Nations can take excellent steps to run faster (and avoid breaking their legs) by creating a robust system of automatic stabilizers before the next crisis hits. The stabilizers help reduce the extent to which the economy falls during the recession, so the nation doesn’t have to dig itself out of as deep a hole, and they speed the recovery. The automatic stabilizers do inflict some pain when the economy is booming (taxes go up and progressive taxes increase more rapidly). But this pain is visited primarily on folks who are doing increasingly well in the boom times, so the pain is far from severe.
Rehn is talking about how counter-cyclical fiscal policy works in the other direction – when the nation is in a severe recession or depression. In those circumstances, the appropriate fiscal policy does not inflict pain. National government spending increases, providing vital services when they are most needed. Taxes are cut, particularly on those most in need if the tax system is progressive. Highly useful infrastructure and preventive maintenance can be provided that will benefit future generations.
Rehn, as a deficit hawk, would be aghast at the deficits and debts. Rehn repeats the error that FDR’s economists made in 1937 when they convinced him to choke off government spending increases – turning a strong recovery into the second trough of the Great Depression. Rehn would have warned in 1941 that the U.S. was entering into ruinous debt to fight World War II and that the debt would condemn the U.S. to decades of economic ruin. He would have been as wrong then as he has proven now. Even the IMF’s economists have admitted to being surprised about the great effectiveness of stimulus programs in this crisis.

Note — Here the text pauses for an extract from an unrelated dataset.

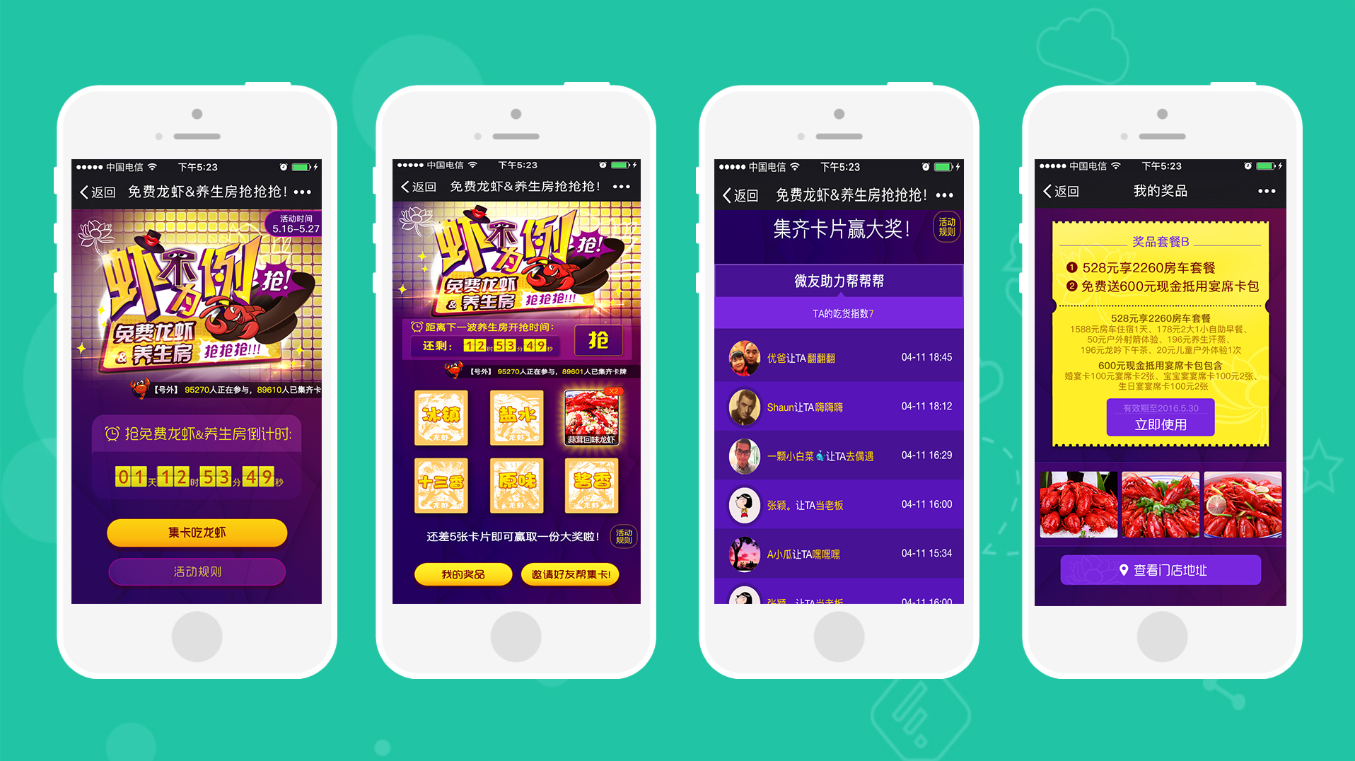 可获得一张龙虾图片,剩余5张龙虾图片需要好友助力翻开,集齐6张不同的卡片,即可兑换大奖。每天两个时段参与抽奖,每个用户每个时段只能参与一次。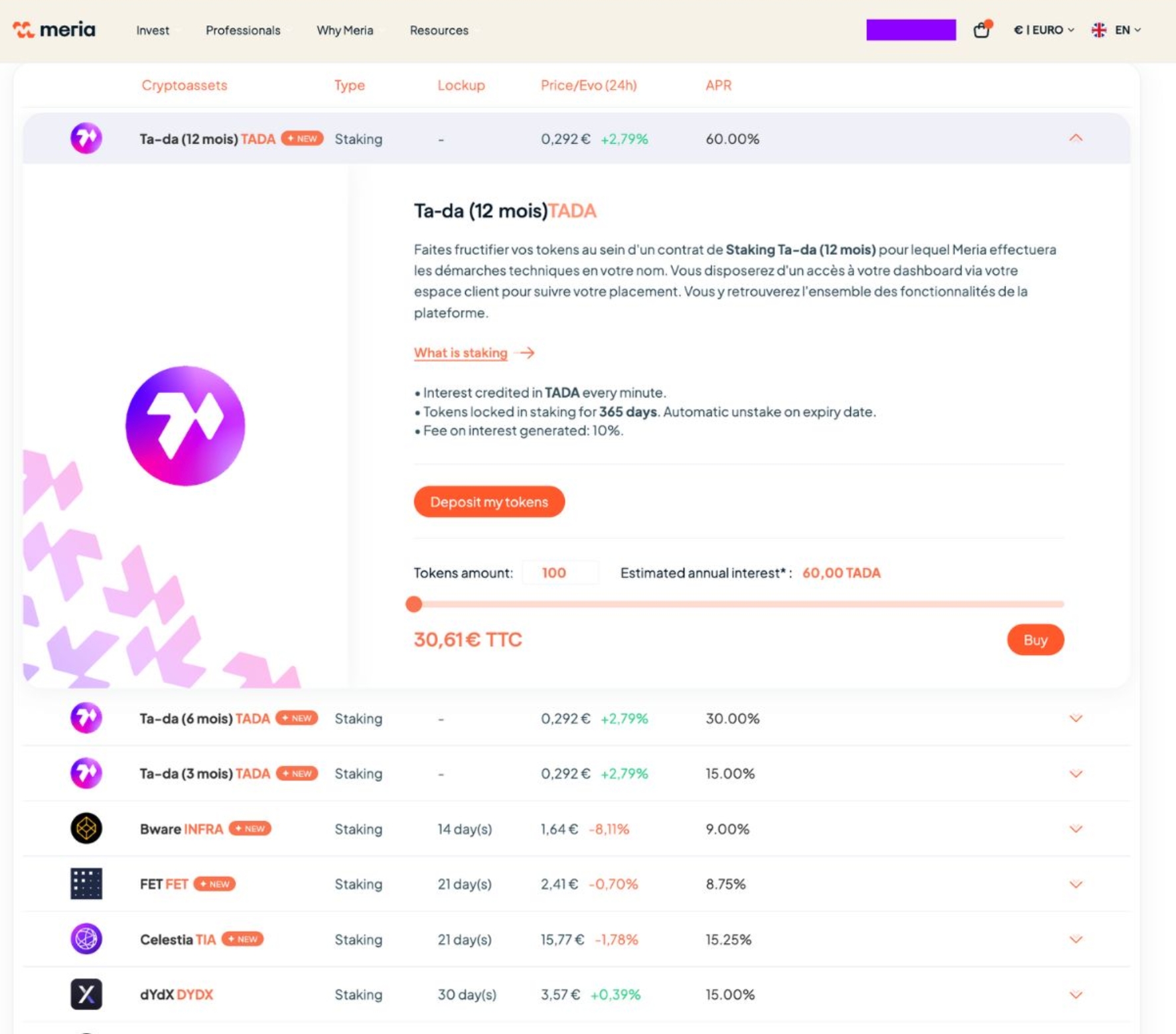 In order to access those pools, users can either buy tokens directly on Meria or deposit their own tokens on the platform.

It isn’t “simple,” particularly if the automatic stabilizers are weakened, to use fiscal policy to help reduce the severity and length of a recession. There are political difficulties and implementation difficulties. It helps to identify useful infrastructure and maintenance projects in advance of the crisis and plan before the crisis which programs will be done first. As inadequate in magnitude as the U.S. stimulus package was in this crisis, and as badly oriented towards tax cuts for the wealthy as it was, the data demonstrate its substantial effectiveness in reversing a sharp decline and producing a moderate recovery. The difficulties do not lie in the economics, but in the politics generated by austerians who demand that the government bleed the patient to make him better.